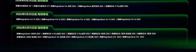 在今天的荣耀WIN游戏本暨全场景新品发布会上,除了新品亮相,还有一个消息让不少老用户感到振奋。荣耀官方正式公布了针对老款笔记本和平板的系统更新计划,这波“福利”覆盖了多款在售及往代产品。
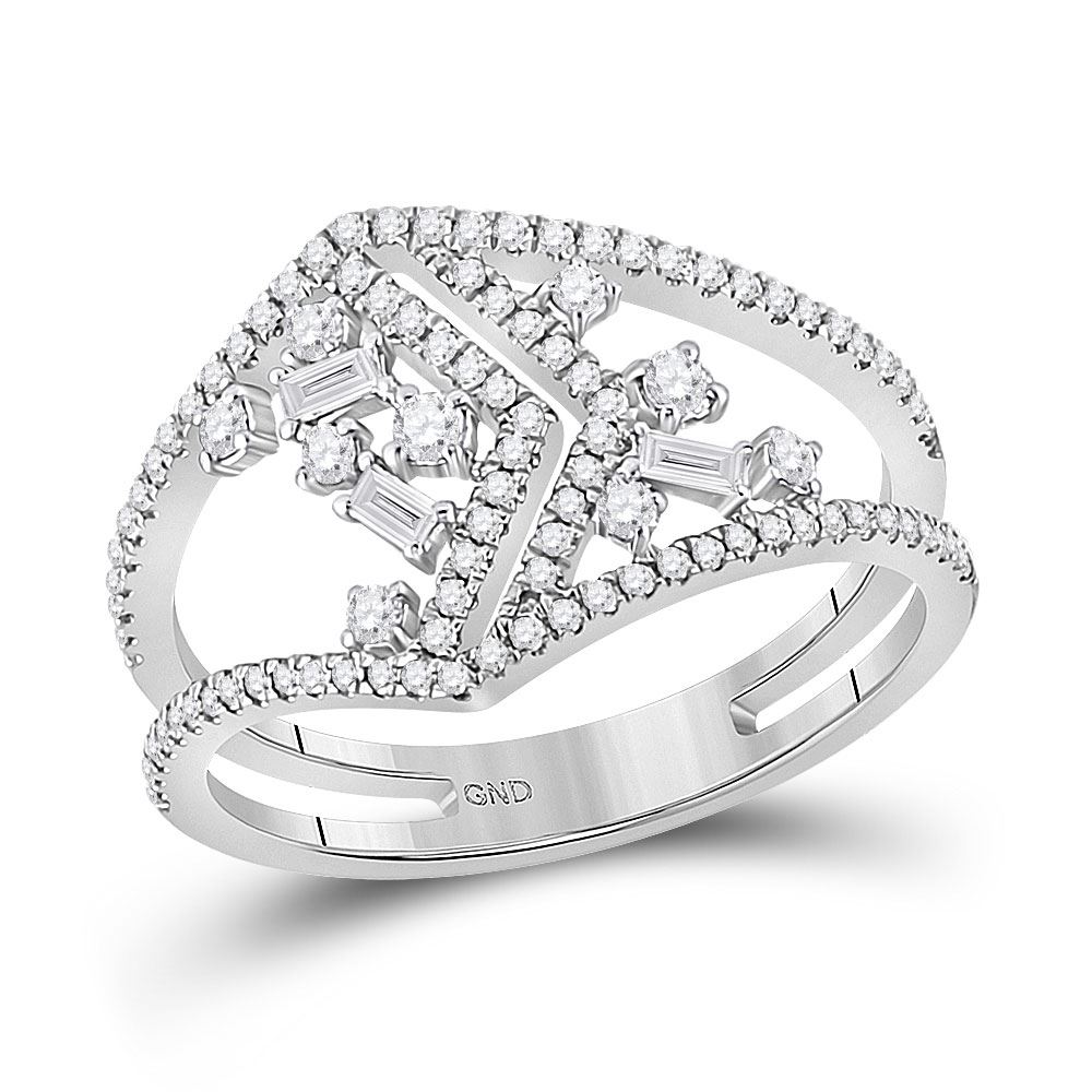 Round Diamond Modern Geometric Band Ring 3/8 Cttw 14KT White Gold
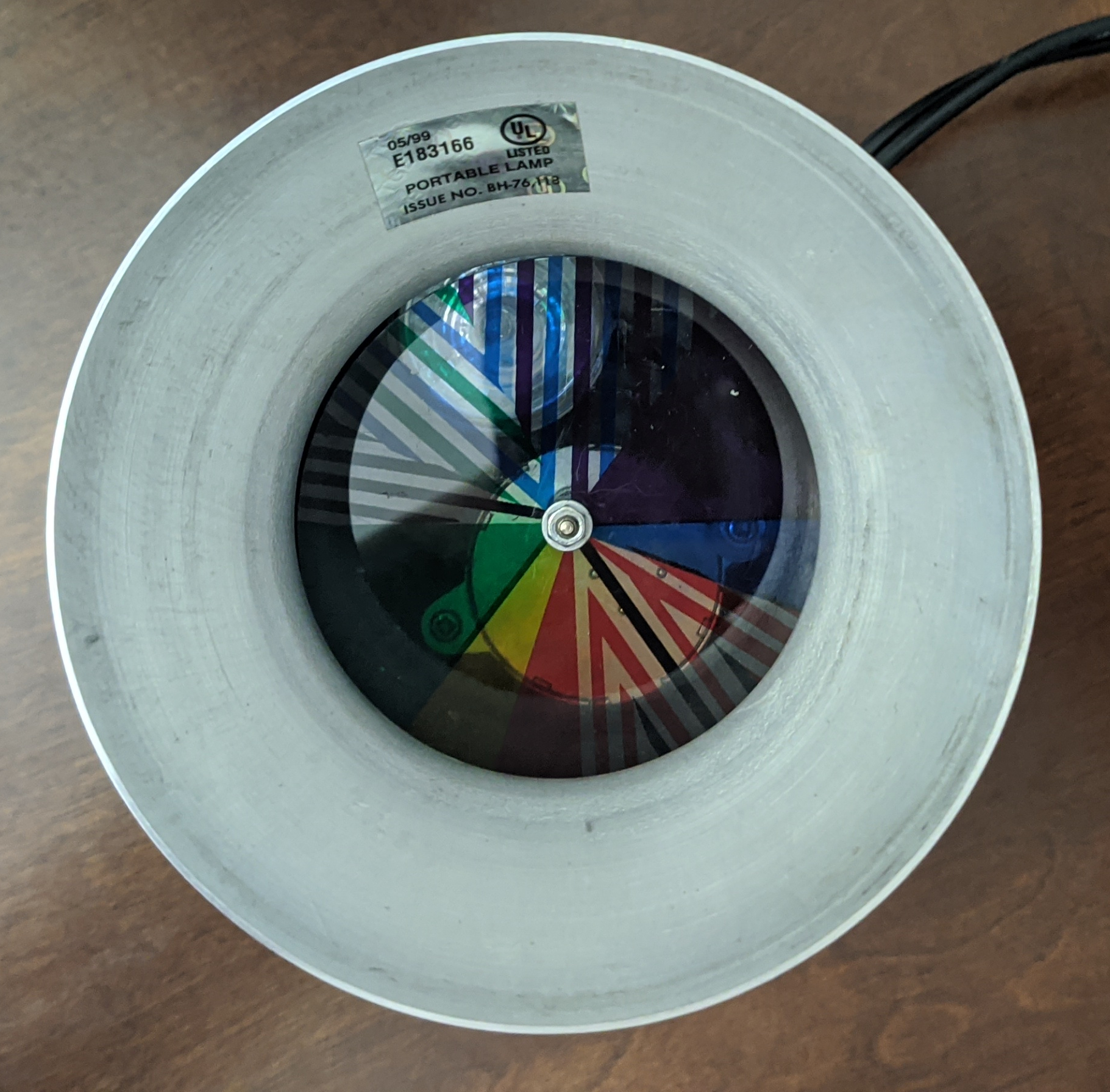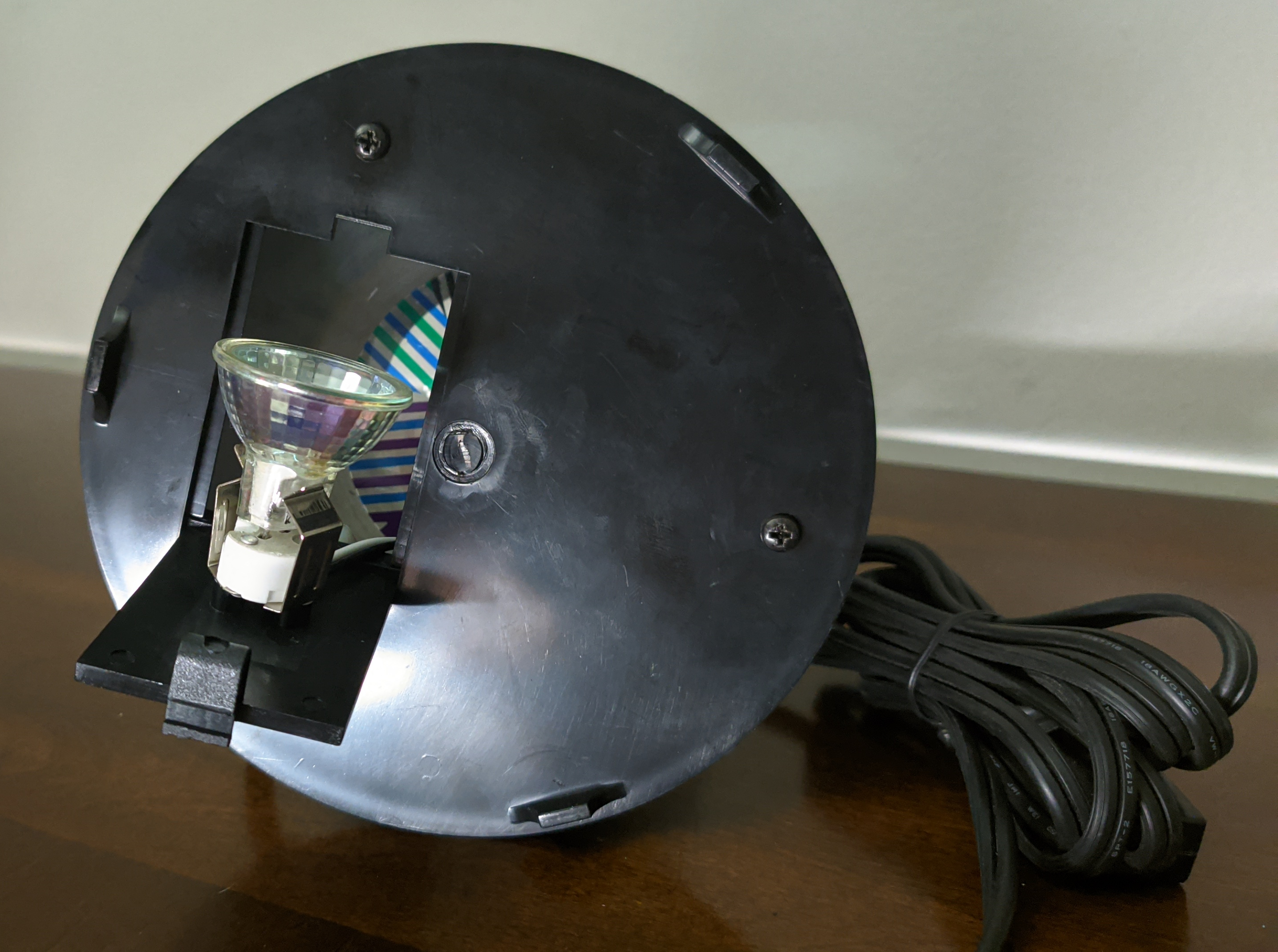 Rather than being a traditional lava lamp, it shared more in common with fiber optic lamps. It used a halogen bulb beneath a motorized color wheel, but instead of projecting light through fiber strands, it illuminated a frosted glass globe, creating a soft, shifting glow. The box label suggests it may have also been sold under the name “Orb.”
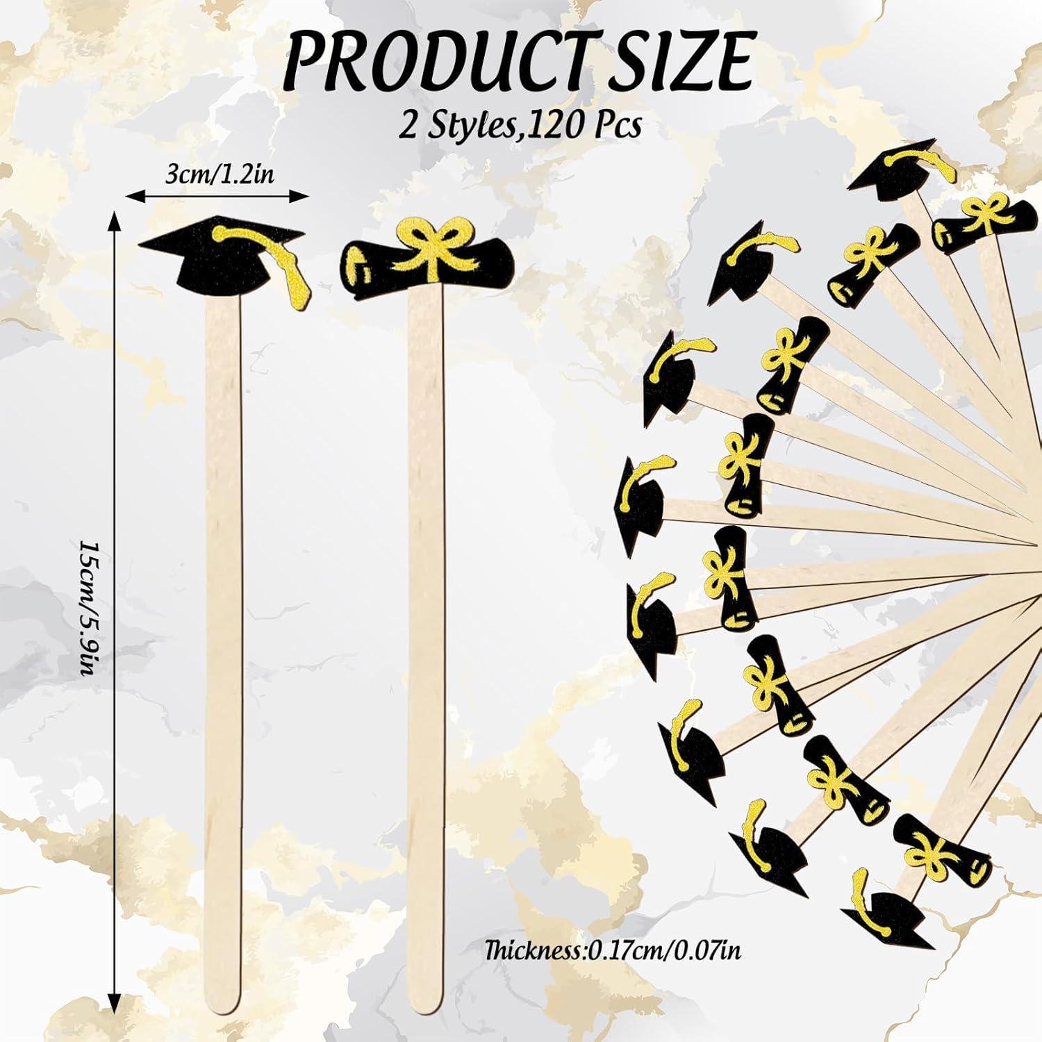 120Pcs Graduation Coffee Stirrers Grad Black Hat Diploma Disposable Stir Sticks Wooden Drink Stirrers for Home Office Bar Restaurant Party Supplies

• [WORK TO BE COMPLETED]
Copy the listing above verbatim, leaving out pictures.

• [OUTPUT]
 在今天的荣耀WIN游戏本暨全场景新品发布会上,除了新品亮相,还有一个消息让不少老用户感到振奋。荣耀官方正式公布了针对老款笔记本和平板的系统更新计划,这波“福利”覆盖了多款在售及往代产品。
 Round Diamond Modern Geometric Band Ring 3/8 Cttw 14KT White Gold
 Rather than being a traditional lava lamp, it shared more in common with fiber optic lamps. It used a halogen bulb beneath a motorized color wheel, but instead of projecting light through fiber strands, it illuminated a frosted glass globe, creating a soft, shifting glow. The box label suggests it may have also been sold under the name “Orb.”
 120Pcs Graduation Coffee Stirrers Grad Black Hat Diploma Disposable Stir Sticks Wooden Drink Stirrers for Home Office Bar Restaurant Party Supplies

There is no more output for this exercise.